In this tutorial we'll walk through a simple convolutional neural network to classify the images in the Simpson dataset using Keras.
We’ll also set up Weights & Biases to log models metrics, inspect performance and share findings about the best architecture for the network. In this example we're using Google Colab as a convenient hosted environment, but you can run your own training scripts from anywhere and visualize metrics with W&B's experiment tracking tool.

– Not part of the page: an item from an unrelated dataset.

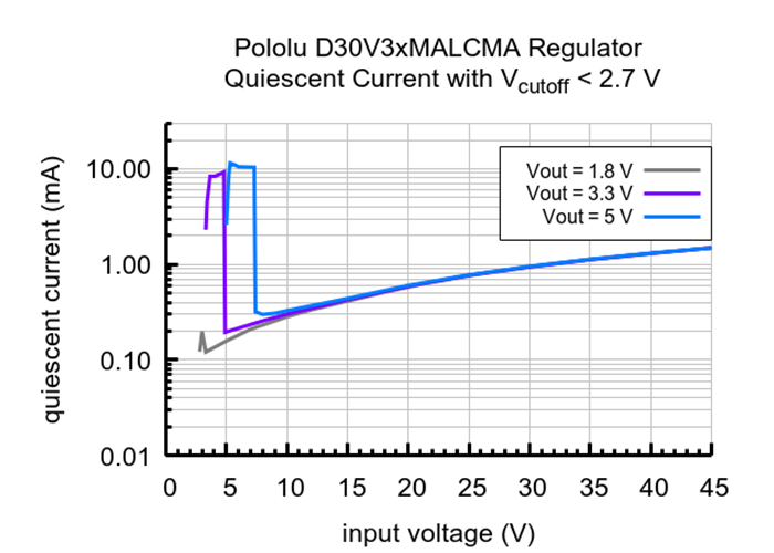 The quiescent current is the current the regulator uses just to power itself, and the graph below shows this for the different regulator versions as a function of the input voltage. The data in the graph shows the quiescent current with the low-voltage cutoff set to its minimum value of 2.7 V; in general, the quiescent (and shutdown) currents are reduced by increasing the cutoff voltage threshold.

Start out by installing the experiment tracking library and setting up your free W&B account:
# Initilize a new wandb run
# Default values for hyper-parameters
config = wandb.config # Config is a variable that holds and saves hyperparameters and inputs
config.learning_rate = 0.01
config.batch_size = 128
config.activation = 'relu'
config.optimizer = 'nadam'
Below, we define a simplified version of a VGG19 model in Keras, and add the following lines of code to log models metrics, visualize performance and output and track our experiments easily:
# Define the model architecture - This is a simplified version of the VGG19 architecture
model = tf.keras.models.Sequential()
# Set of Conv2D, Conv2D, MaxPooling2D layers with 32 and 64 filters
model.add(tf.keras.layers.Conv2D(filters = 32, kernel_size = (3, 3), padding = 'same',
activation ='relu', input_shape = input_shape))

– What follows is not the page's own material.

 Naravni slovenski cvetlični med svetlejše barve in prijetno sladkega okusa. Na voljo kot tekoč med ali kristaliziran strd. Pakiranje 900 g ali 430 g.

# Flattens our array so we can feed the convolution layer outputs (a matrix) into our fully connected layer (an array)
model.add(tf.keras.layers.Dense(512, activation ='relu'))
model.add(tf.keras.layers.Dense(num_classes, activation = "softmax"))
# Define the optimizer
optimizer = tf.keras.optimizers.Nadam(lr=config.learning_rate, beta_1=0.9, beta_2=0.999, clipnorm=1.0)
model.compile(loss = "categorical_crossentropy", optimizer = optimizer, metrics=['accuracy'])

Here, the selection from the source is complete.